Dr. Leslie Vinjamuri
Director, US & Americas Programme, Chatham HouseDr Leslie Vinjamuri is director of the US and Americas programme at Chatham House. She is also Professor of International Relations at SOAS University of London.
At Chatham House, Leslie leads research on the U.S. and International Order, and a multi partner initiative on Reimagining Multilateralism. Her recent publications include ‘Why Multilateralism Still Matters’ (Foreign Affairs, October 2023, and Building Global Prosperity: Proposals for Sustainable Growth (Chatham House, 2022). The latter was the result of a multi-authored Chatham House initiative supported by the Rockefeller Foundation that looked at G7 proposals for countering China’s influence in the developing world.
She is co-editor and contributing author (with Charles A. Kupchan) of Anchoring the World: International Order in the 21st Century, a publication by members of the Lloyd George Study Group on World Order, a joint Centenary project of Chatham House, the Council on Foreign Relations, and Georgetown University’s School of Foreign Service, published by Foreign Affairs.

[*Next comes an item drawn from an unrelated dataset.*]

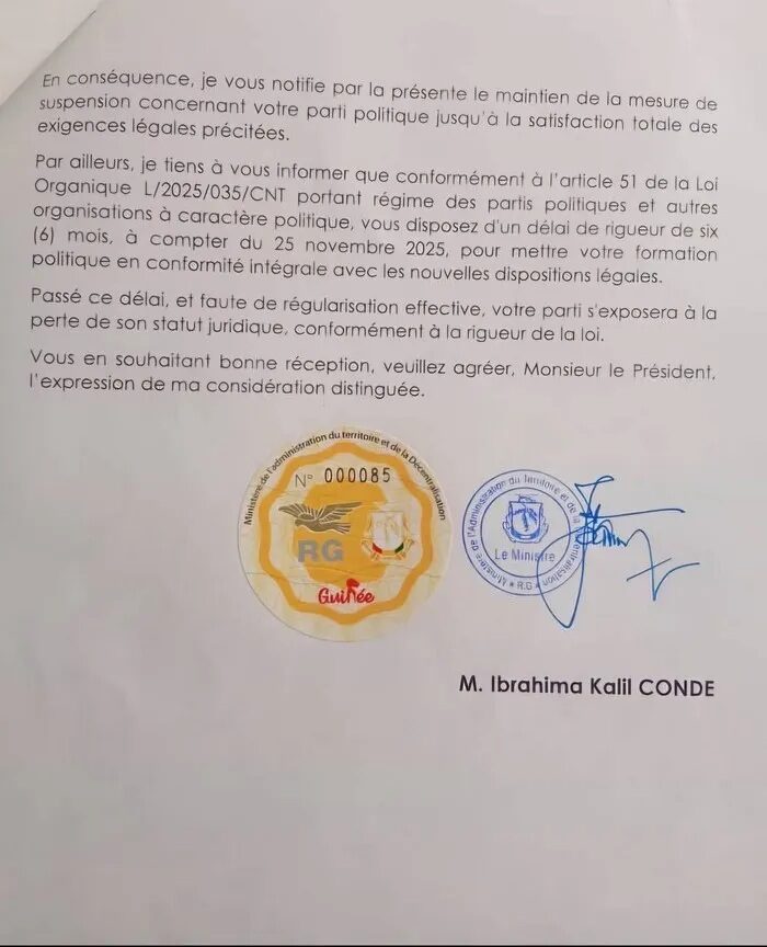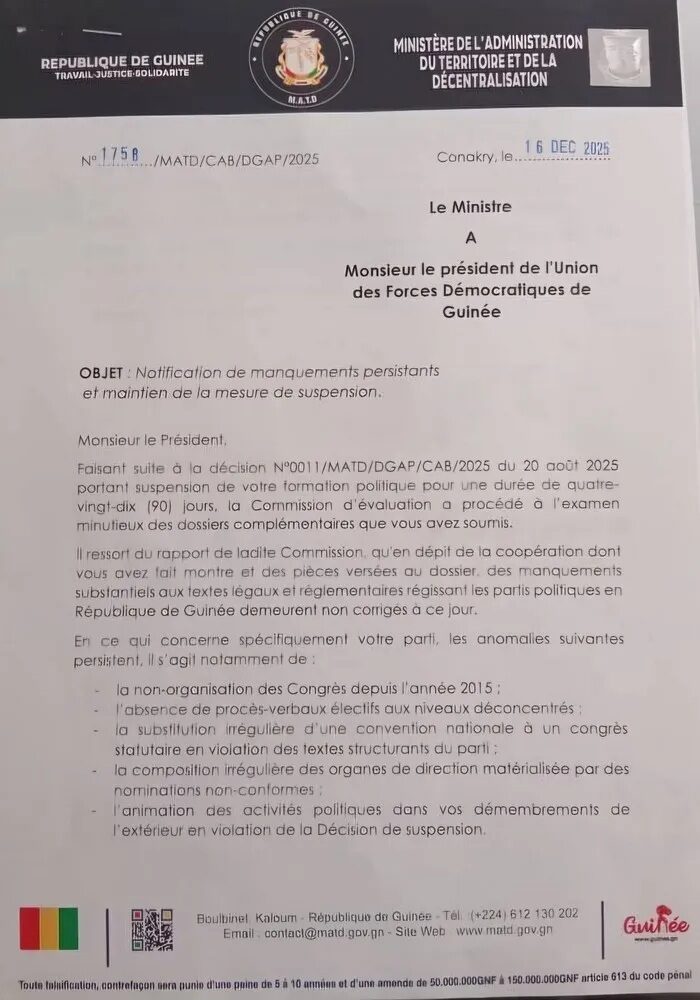Mais cette lecture est vigoureusement contestée par le MATD. Dans un courrier notifié au parti le 16 décembre 2025, le ministère maintient la suspension, évoquant la persistance de « manquements substantiels aux textes légaux et réglementaires régissant les partis politiques en République de Guinée ». Malgré la coopération affichée par l’UFDG et les pièces versées à son dossier, le département estime que plusieurs irrégularités demeurent non corrigées.

Also Human Rights Futures (Cambridge University Press, 2017), US Foreign Policy Priorities (Chatham House, 2020), and ’Trials and Errors: Strategies of International Justice” (with Jack Snyder).
She is a regular commentator in the international news media and has contributed pieces in the Financial Times, Guardian, Sunday Times, Telegraph, and the Independent.
She is deputy chair of the Marshall Aid Commemoration Commission and a trustee of the Carnegie Council for Ethics and International Affairs.
She is a life member of the Council on Foreign Relations, and on the Advisory Board of LSE IDEAS and the LSE Phelan United States Centre, and is vice president of the board for the Institute for Integrated Transitions.
From 2014-2016 she was director of the Center on Conflict, Rights and Justice (and previously co-director). She was previously on the academic faculty of Georgetown University’s School of Foreign Service, and a fellow of the John M. Olin Institute at Harvard University.
She began her career at Congressional Research Service and also worked in the Asia Bureau at USAID. Leslie received a BA from Wesleyan University (Phi Beta Kappa), an MSc (Distinction) from the London School of Economics, and a PhD from Columbia University.